In an advertisement on the NYC subway, Daily Harvest, a startup that prepares and sends frozen, pre-portioned foods, claims they help you arrange any meal in one minute on average. The ad does not specify which meal, exactly: it only features the ingredients (“chef-crafted”, “nutrient-rich”, “organic” beets, avocados, cauliflower, etc.) – which could be an excellent choice for a hearty breakfast, a well-balanced lunch, a healthy dinner, or any meal in the meantime.
The company started offering subscription-based smoothies, but it has also evolved to soups and bowls as it has received million-dollar investments. Each meal (delivered in a “cup” or a “bowl”) provides, according to the company, access to healthy, delicious, balanced meals that you don’t even have to prepare: convenience without compromise.
Bowl is the new plate
Replacing the plate for a bowl – or a cup – where all the ingredients (from avocado slices to organic greens, from whole grains to fruits and nuts) can be mixed does not only mean seeking greater convenience but abdicating what a plate of food has always meant so far for our actual society’s relationship with food.
With the fall of the Industrial Age, it makes less sense for us to need specific times to have our meals and to split them in breakfast or lunch, for example. Today, in the age of the creative economy, bowls seem to meet our current demands more.

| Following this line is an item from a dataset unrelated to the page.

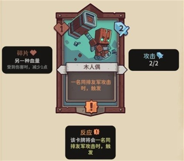 【木人偶】1碎片,2攻击,反应(一名同排友军攻击时,触发)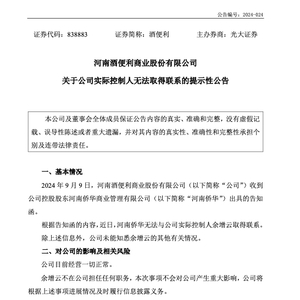 9月9日,河南酒便利商业股份有限公司发布公告称,公司收到控股股东河南侨华商业管理有限公司(以下简称“河南侨华”)出具的告知函。根据告知函的内容,近日,河南侨华无法与公司实际控制人余增云取得联系。

They better fit how we usually eat today: between a meeting and another, on the way to a work commitment at the train, or only when hunger shows up.
From the British royal wedding menu to any board in any corner in Williamsburg neighborhood, bowl food became a significant trend – even if some people want to refuse it. But more than anything else, the bowl food is a massive movement that represents a change in our eating habits: most of the time alone, “snacking” more than adequately eating, in front of a screen, and everything else in between.
To keep an eye on:
If the rise of bowl-eating was noticed circa 2017 and propelled by a new focus on healthy dishes, it has settled and now indicates a new behavior in our society: with more people working as freelancers and without the strict hours to punch in and out of work, our mealtime has changed. The meal, as we know, tends to disappear as it will make less sense to the new generations to sit down for dinner – leaving all the screens behind. The advent of snacking throughout the day will become much more massive, changing the restaurant scene and even the dishware industry. And the best way to do it is with a bowl in hand.